BEGIN GIVEN DATA
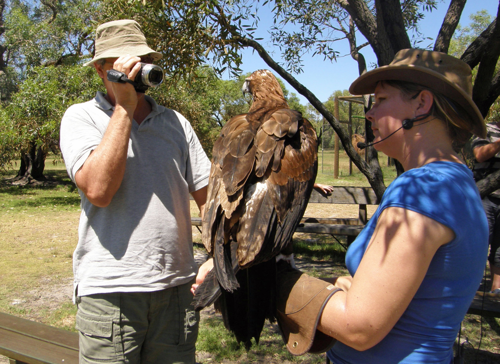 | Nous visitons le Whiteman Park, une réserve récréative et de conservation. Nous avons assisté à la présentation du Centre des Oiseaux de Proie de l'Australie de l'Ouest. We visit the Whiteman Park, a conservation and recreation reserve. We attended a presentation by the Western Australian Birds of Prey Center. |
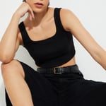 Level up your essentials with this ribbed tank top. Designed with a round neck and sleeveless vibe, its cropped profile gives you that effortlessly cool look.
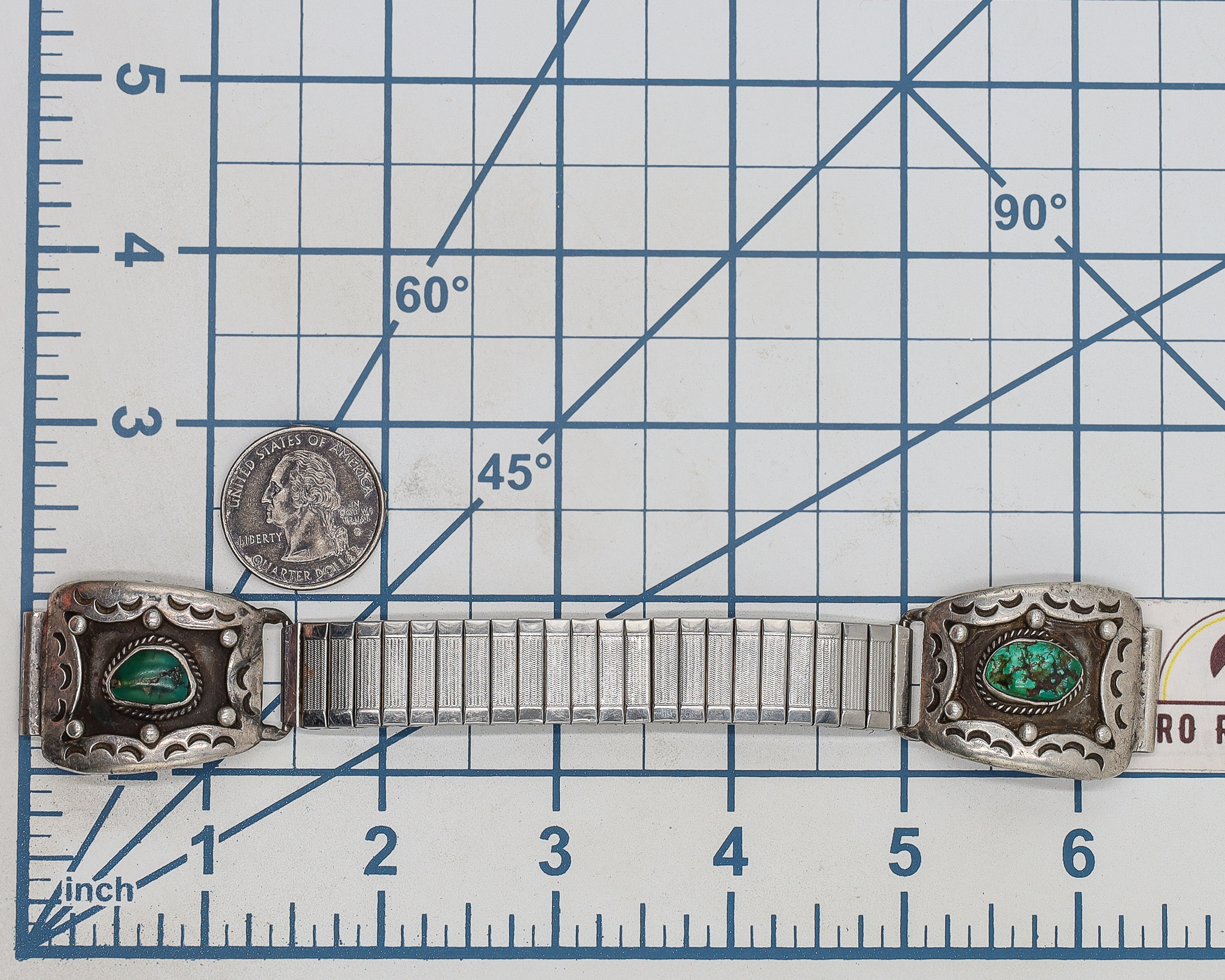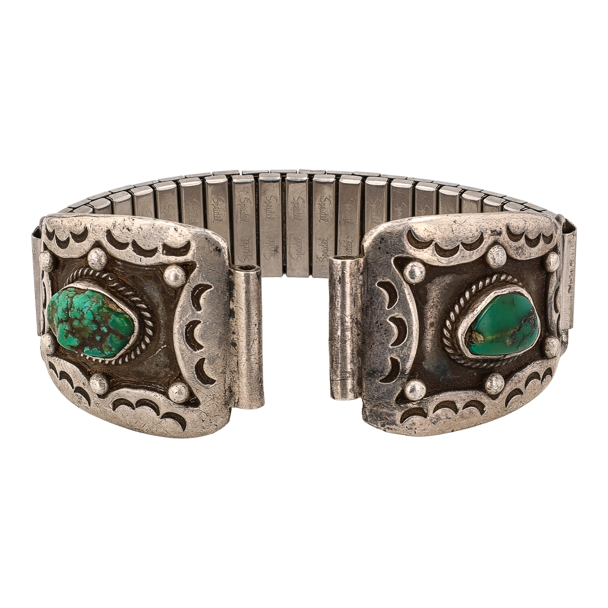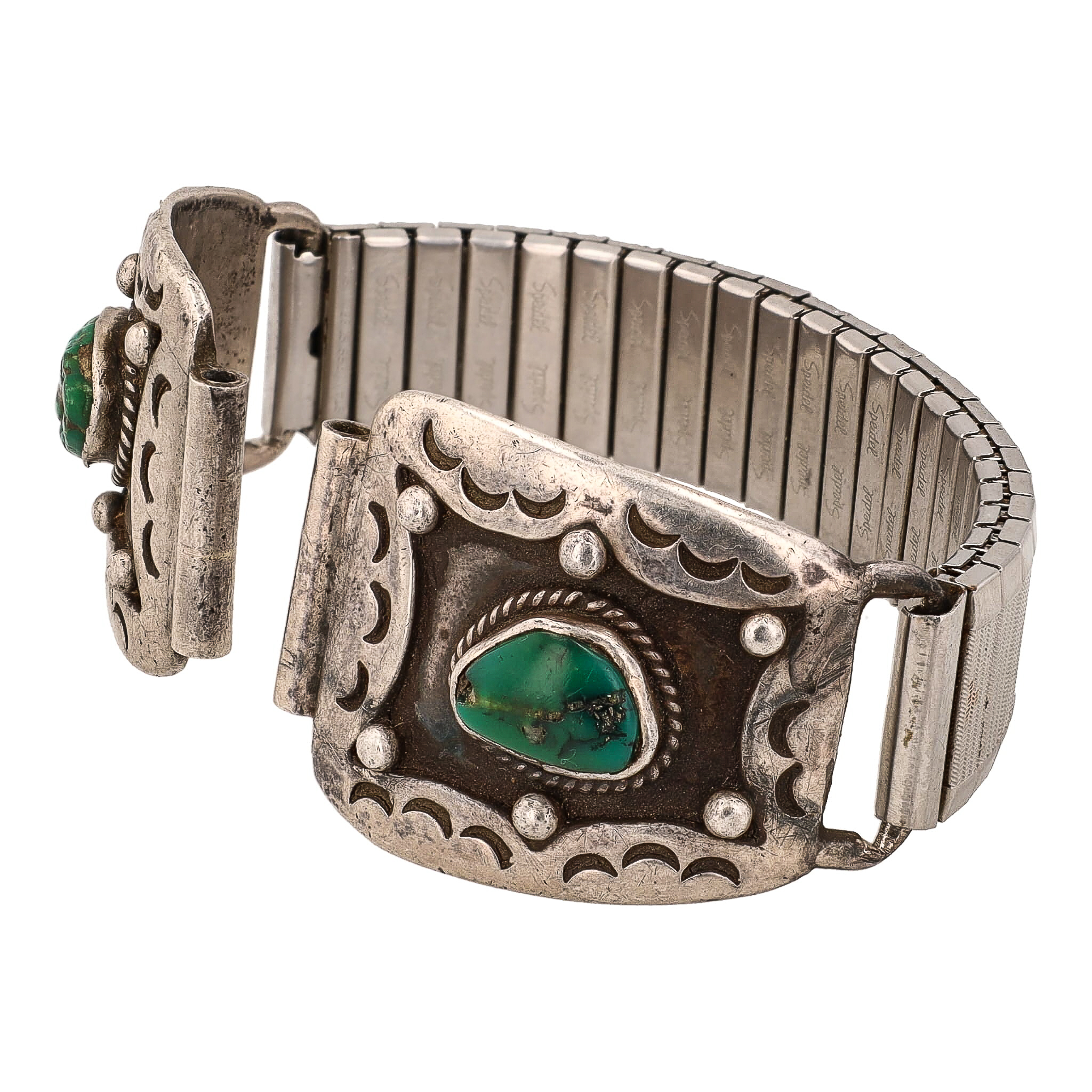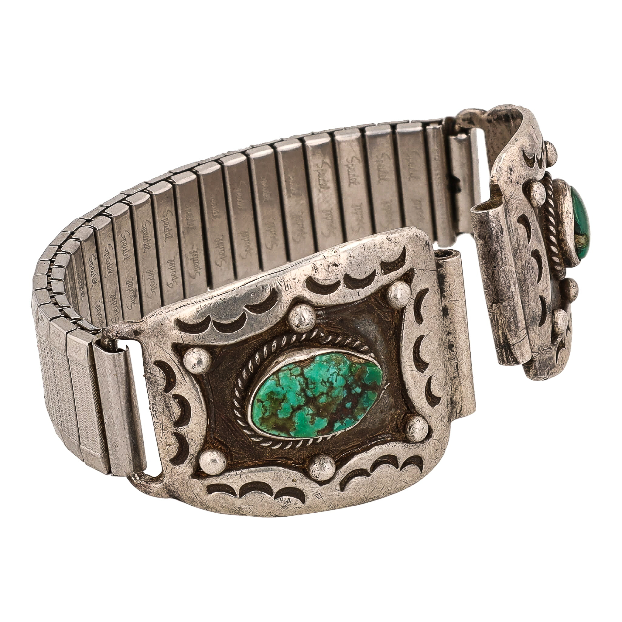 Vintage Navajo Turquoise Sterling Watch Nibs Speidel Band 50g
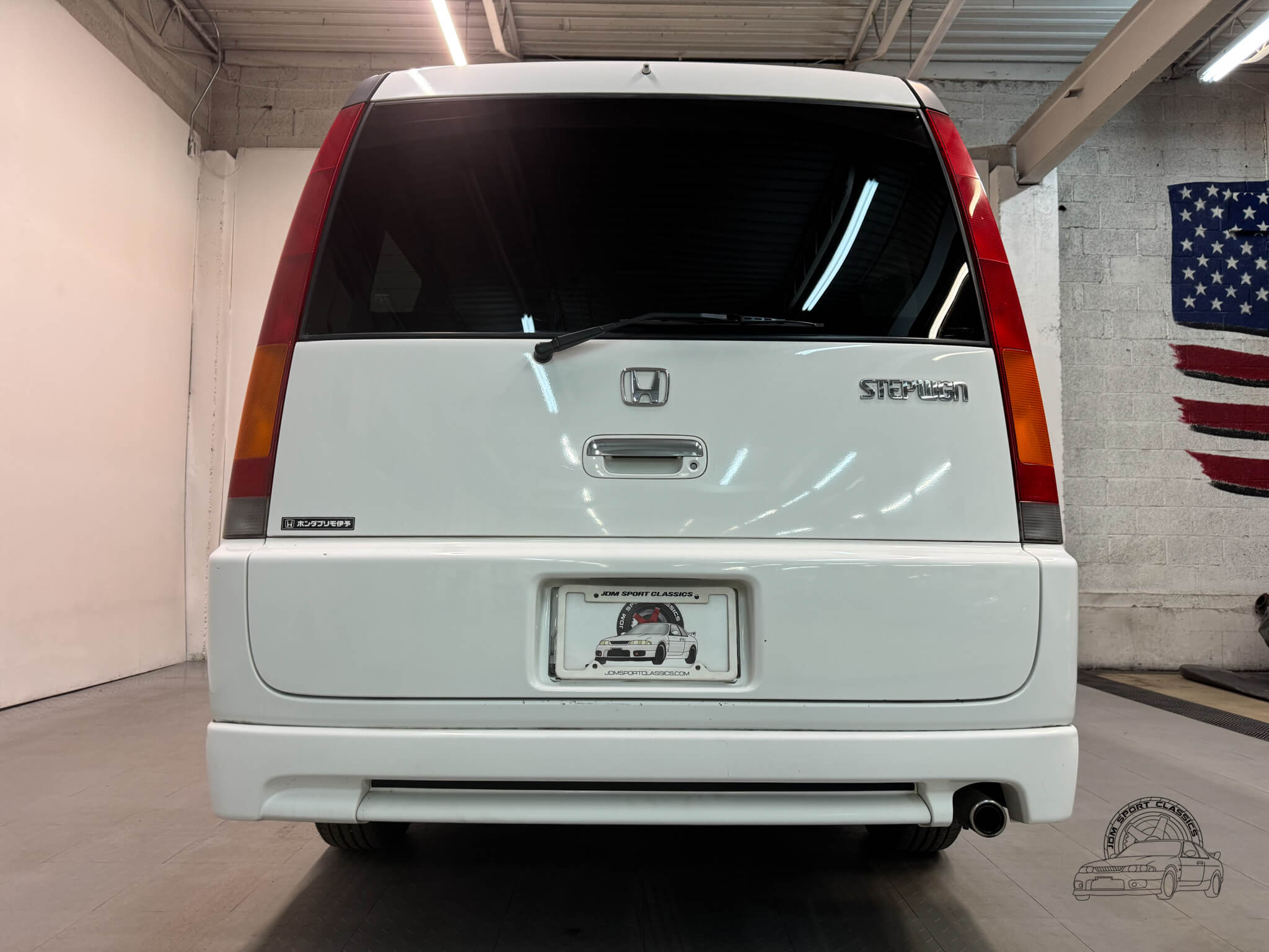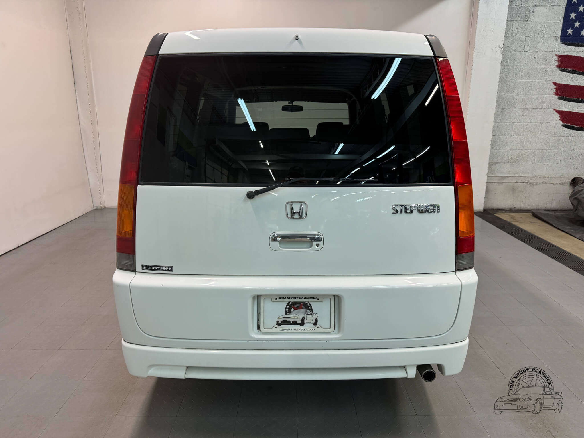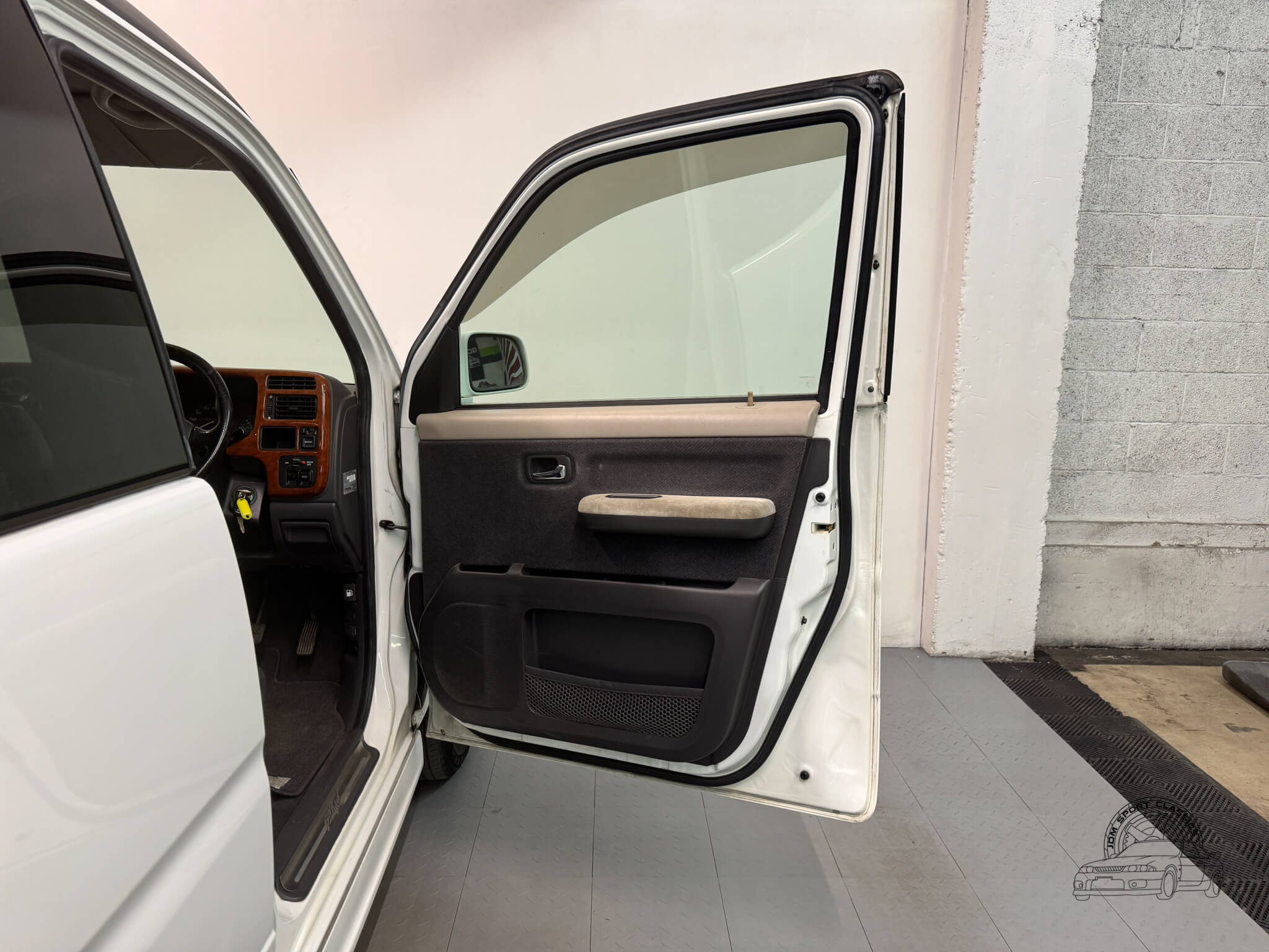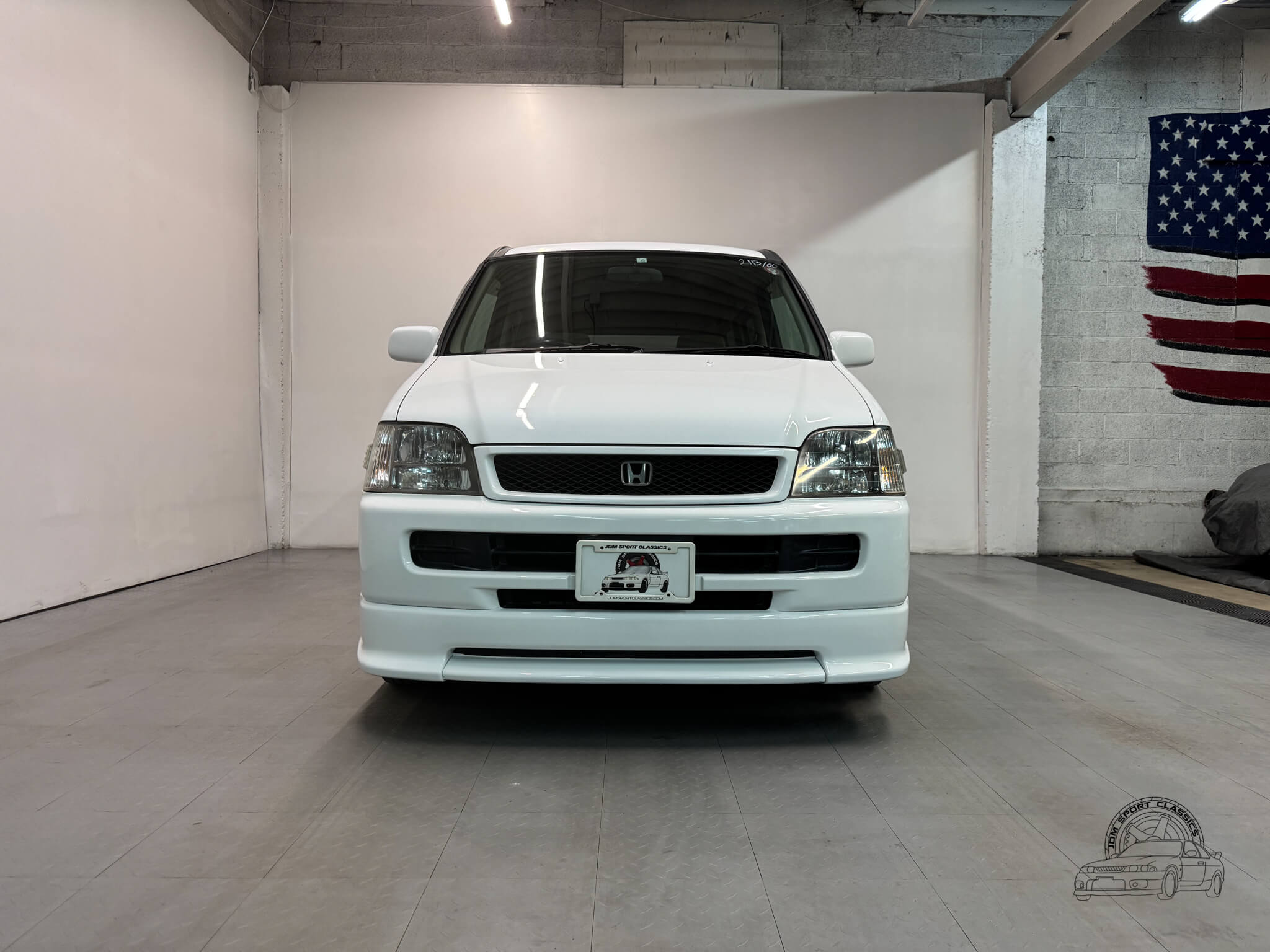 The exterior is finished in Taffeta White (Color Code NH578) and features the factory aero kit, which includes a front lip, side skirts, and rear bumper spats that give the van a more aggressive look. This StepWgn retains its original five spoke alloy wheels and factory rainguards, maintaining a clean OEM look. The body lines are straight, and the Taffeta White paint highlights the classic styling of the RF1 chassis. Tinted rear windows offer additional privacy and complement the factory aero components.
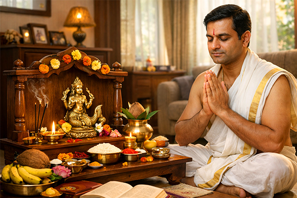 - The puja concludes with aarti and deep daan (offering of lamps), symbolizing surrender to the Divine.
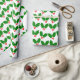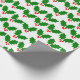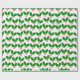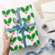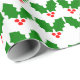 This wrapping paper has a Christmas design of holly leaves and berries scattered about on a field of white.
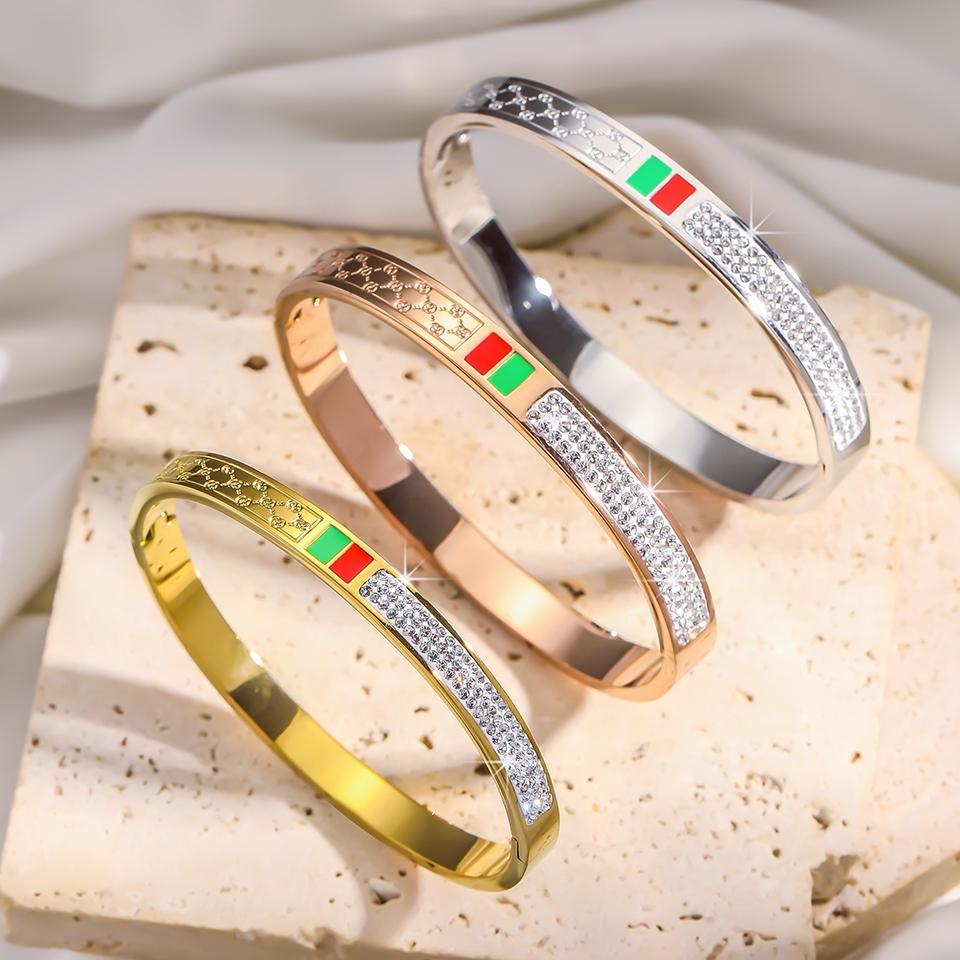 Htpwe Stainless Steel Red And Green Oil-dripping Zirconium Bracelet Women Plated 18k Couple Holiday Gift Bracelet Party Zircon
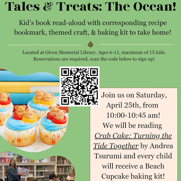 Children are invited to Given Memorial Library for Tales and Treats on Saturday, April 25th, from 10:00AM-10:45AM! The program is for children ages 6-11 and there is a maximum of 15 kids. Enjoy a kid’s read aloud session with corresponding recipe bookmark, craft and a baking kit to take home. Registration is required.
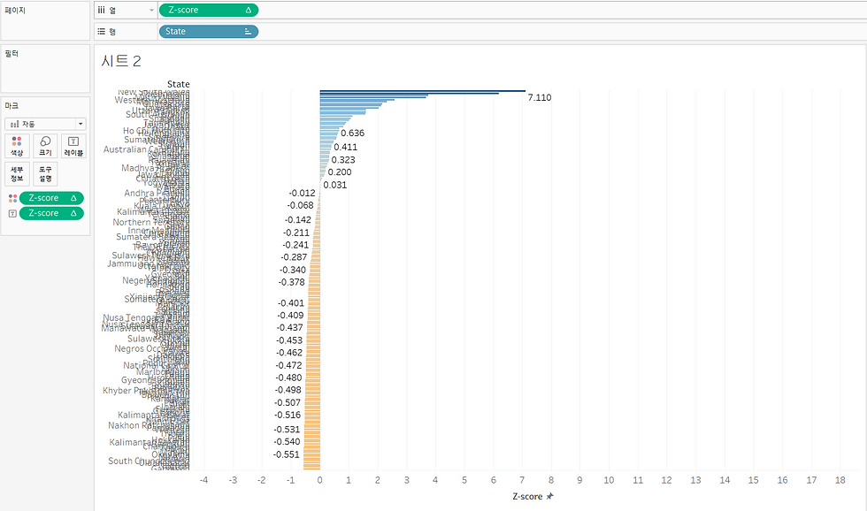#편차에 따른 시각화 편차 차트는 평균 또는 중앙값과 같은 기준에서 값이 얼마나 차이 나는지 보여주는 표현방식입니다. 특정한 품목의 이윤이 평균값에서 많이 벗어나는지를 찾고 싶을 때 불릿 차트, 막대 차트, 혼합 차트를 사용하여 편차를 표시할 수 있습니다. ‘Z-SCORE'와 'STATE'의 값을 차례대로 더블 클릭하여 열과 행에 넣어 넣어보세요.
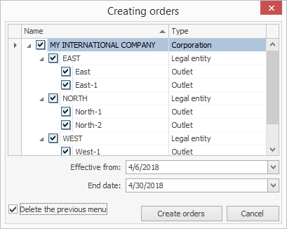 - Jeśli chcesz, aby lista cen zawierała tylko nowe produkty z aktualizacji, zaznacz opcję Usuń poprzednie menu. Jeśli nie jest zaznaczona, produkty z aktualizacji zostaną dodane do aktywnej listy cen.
END GIVEN DATA
Transcribe the entries from their first line to the line that holds "Vintage Navajo Turquoise", both included, and skip every picture.

• WRITTEN REPLY:
 | Nous visitons le Whiteman Park, une réserve récréative et de conservation. Nous avons assisté à la présentation du Centre des Oiseaux de Proie de l'Australie de l'Ouest. We visit the Whiteman Park, a conservation and recreation reserve. We attended a presentation by the Western Australian Birds of Prey Center. |
 Level up your essentials with this ribbed tank top. Designed with a round neck and sleeveless vibe, its cropped profile gives you that effortlessly cool look.
 Vintage Navajo Turquoise Sterling Watch Nibs Speidel Band 50g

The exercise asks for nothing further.